Jenifa's Diary is a Nigerian television comedy series, created by Funke Akindele. The series is part of the Jenifa franchise, based on a naive and funny character of the same name. Jenifa's Diary has 28 seasons and is currently active and ongoing.

Premise
Jenifa’s utterances contain both ‘direct’ and ‘indirect’ speech acts.
The series tells the story of a native village girl Jenifa (played by Funke Akindele) who desperately wants to get out of her ratchet way of life. In her desperation, she leaves her village and goes to the city of Lagos in order to get a proper education. Toyosi, an old friend is left with no choice than to accommodate her despite the visit being unannounced.

Jenifa is unsuccessful with her education but she gets a job at Nikki'o salon on the Island with the help of her friend Kiki, becoming very successful in her hairstyling career.

At Nikki'o salon, she meets another stylist, Segun (played by Folarin 'Falz' Falana), who becomes romantically interested in her. Jenifa resists all his advances citing that she would like to be in a relationship with someone who is above her in status and education. Later Jenifa learns of his plan to visit the United States. He tells her he had been trying to tell her of his intentions and even help her travel out of Nigeria too. With Segun gone, work at Nikki'o salon resumes.

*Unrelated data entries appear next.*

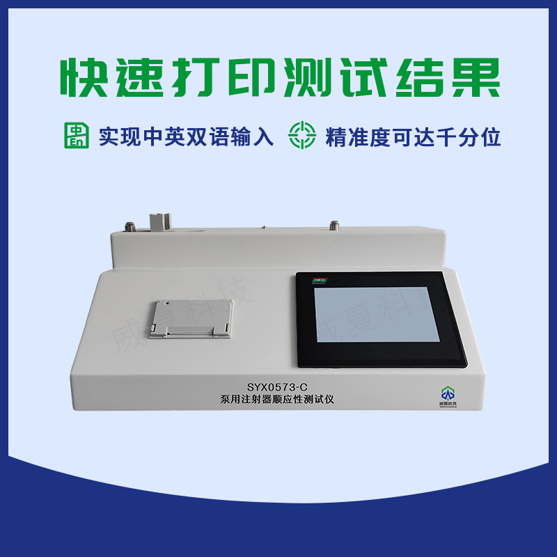 SYX0573-C注射器順應(yīng)性測試儀由可編程控制器,觸摸屏,力值傳感器,傳動裝置,機載打印機等組成,提供中英文菜單顯示,具備人機對話設(shè)定各項參數(shù)自動運行測試模式。另增設(shè)生產(chǎn)單位,生產(chǎn)批次機打輸入,使測試結(jié)果更加規(guī)范化標準化。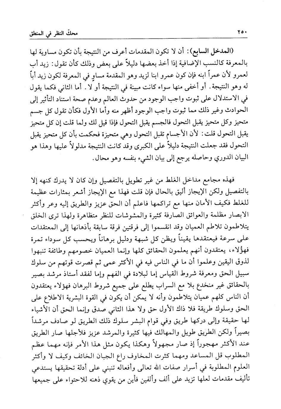 المدخل السابع: أن لا تكون المقدمات أعرف من النتيجة بان تكون مساوية لها بالمعرفة كالنسب الإضافية إذا اخذ بعضها دليلاً على بعض، وذلك كأن تقول زيد أب لعمرو لأن عمراً ابنه. فإن كون عمرو ابناً لزيد وهو المقدّمة مساو في المعرفة لكون زيد أباً له وهو النتيجة. أو أخفى منها سواء كانت مبيّنة في النتيجة أو لا. إما. الثاني فكما يقال في الاستدلال على ثبوت واجب الوجود من حدوث العالم وعدم صحة استناد التأثير إلى الحوادث، وغير ذلك مما ثبوت واجب الوجود أظهر منه. وأما الأول فكان تقول كل جسم متحيّز وكل متحيز يقبل التحول فالجسم يقبل التحوّل. فإذا قيل لك ولما قلت أن كل متحيز يقيل التحول قلت لأن الأجسام تقبل التحوّل وهي متحيزة فحكمت بأن كل متحيّز يقبل التحول، فقد جعلت النتيجة دليلاً على الكبرى وقد كانت النتيجة مدلولاً عليها. وهذا هو البيان الدوري وحاصله يرجع إلى بيان الشيء بنفسه وهو محال.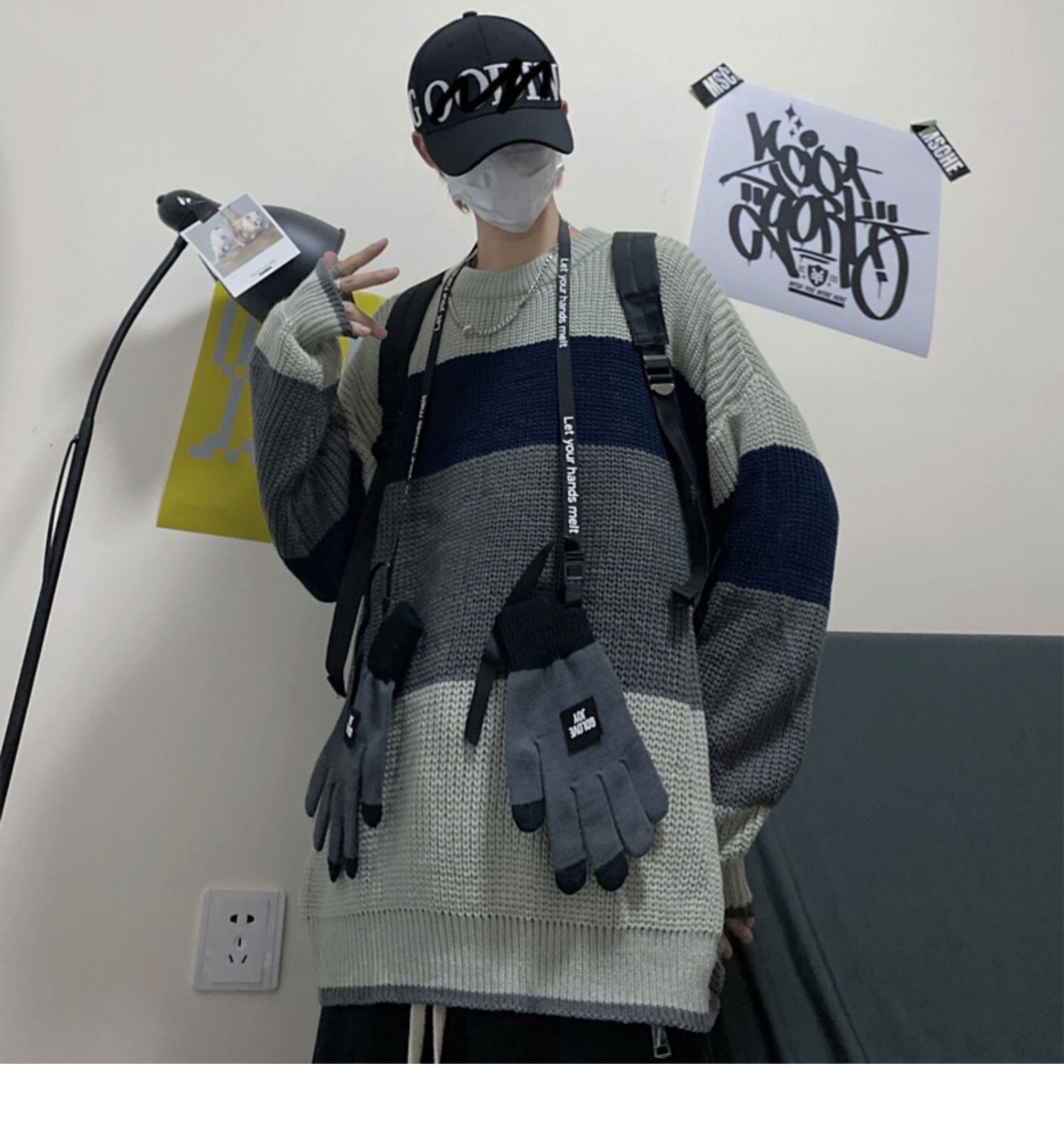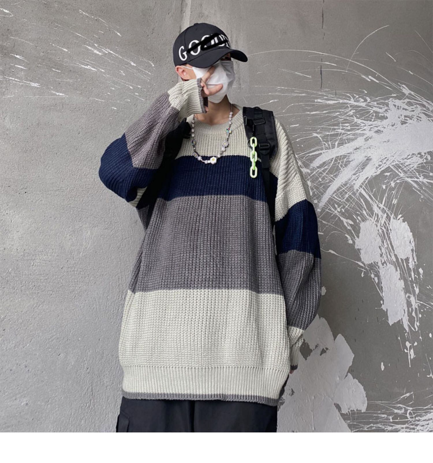 秋物ウィンターセーター 韓国ファッショントレンドストライプルーズコート 原宿 オータム 冬物 ボーイズ スタイル デーモン91875213463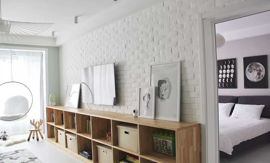 电视背景墙运用文艺范儿的小白砖来打破全屋涂料墙面的单一。电视柜的高度则是依据小朋友的身高来量身定做的,材质上选择了暖暖的橡胶木实木集成材。

In the premiere episode of season 5, Jenifa meets Marcus, a wealthy businessman. Marcus employs her as a manager in his new salon. Jenifa asks Toyosi to write a resignation letter since she would be leaving Nikki'O. One day, Marcus's wife, Tiana, appears out of the blues. Marcus never told Jenifa of his marital life. When Jenifa along with Adaku and Benny who left Nikki'O with Jenifa in search of greener pastures could not stand Tiana again, they decide to flee back to Nikki'O. Unbeknownst to Jenifa, Adaku and Benny had written a letter for excuse to be away for a while instead of resignation. Jenifa left with no choice goes back to Nikki'O to beg Randy, the manager to employ her back. To her surprise, she is welcomed back with open arms with the news that her demands have been met and her salary has been increased as she asked. Instead of writing a letter of resignation, Toyosi had written a letter for salary increment instead. Jenifa resumes work at Nikki'O. One day, the CEO of Nikki'O called a meeting and had Jenifa, Adaku and Benny fired for their dishonesty.
The informant who had spilled the beans is revealed to be Pelumi, Jenifa’s rival and a hairstylist at Nikki'O.

Cast 
 Funke Akindele as Jenifa
Folarin "Falz" Falana as Segun
Lolo as Adaku
Juliana Olayode as Toyosi
Lota Chukwu as Kiki 
Paschaline Alex Okoli as Cordelia
Aderounmu Adejumoke as Esther
Michael Uba as James
Tobi Makinde as Timini
Jerry Smart Ordu as Randy
Ibinabo Timini’s Sister
Tobi Adebayo as Waheed, Jenifa's younger brother
Chukwuebuka Anyaduba as Chima
Tomike Adeoye As Tania
Joy Nice as Pelumi, the main antagonist and Jenifa's rival.
Tiwa Savage as herself (cameo appearance).
 Nosa Rex as Terwase

Spin-off 
A spin-off called Aiyetoro Town premiered on the 21st of June 2019. It consisted of 18 episodes and was released exclusively on YouTube. It is set in the Jenifa's village, the fictional Aiyetoro Town which just got transformed to a town. It stars Funke Akindele retaining her role as Jenifa and some of her costars from Jenifa's Diary such as Tobi Adebayo as Waheed (Jenifa's younger brother), Tobi Makinde as Timini and some new characters.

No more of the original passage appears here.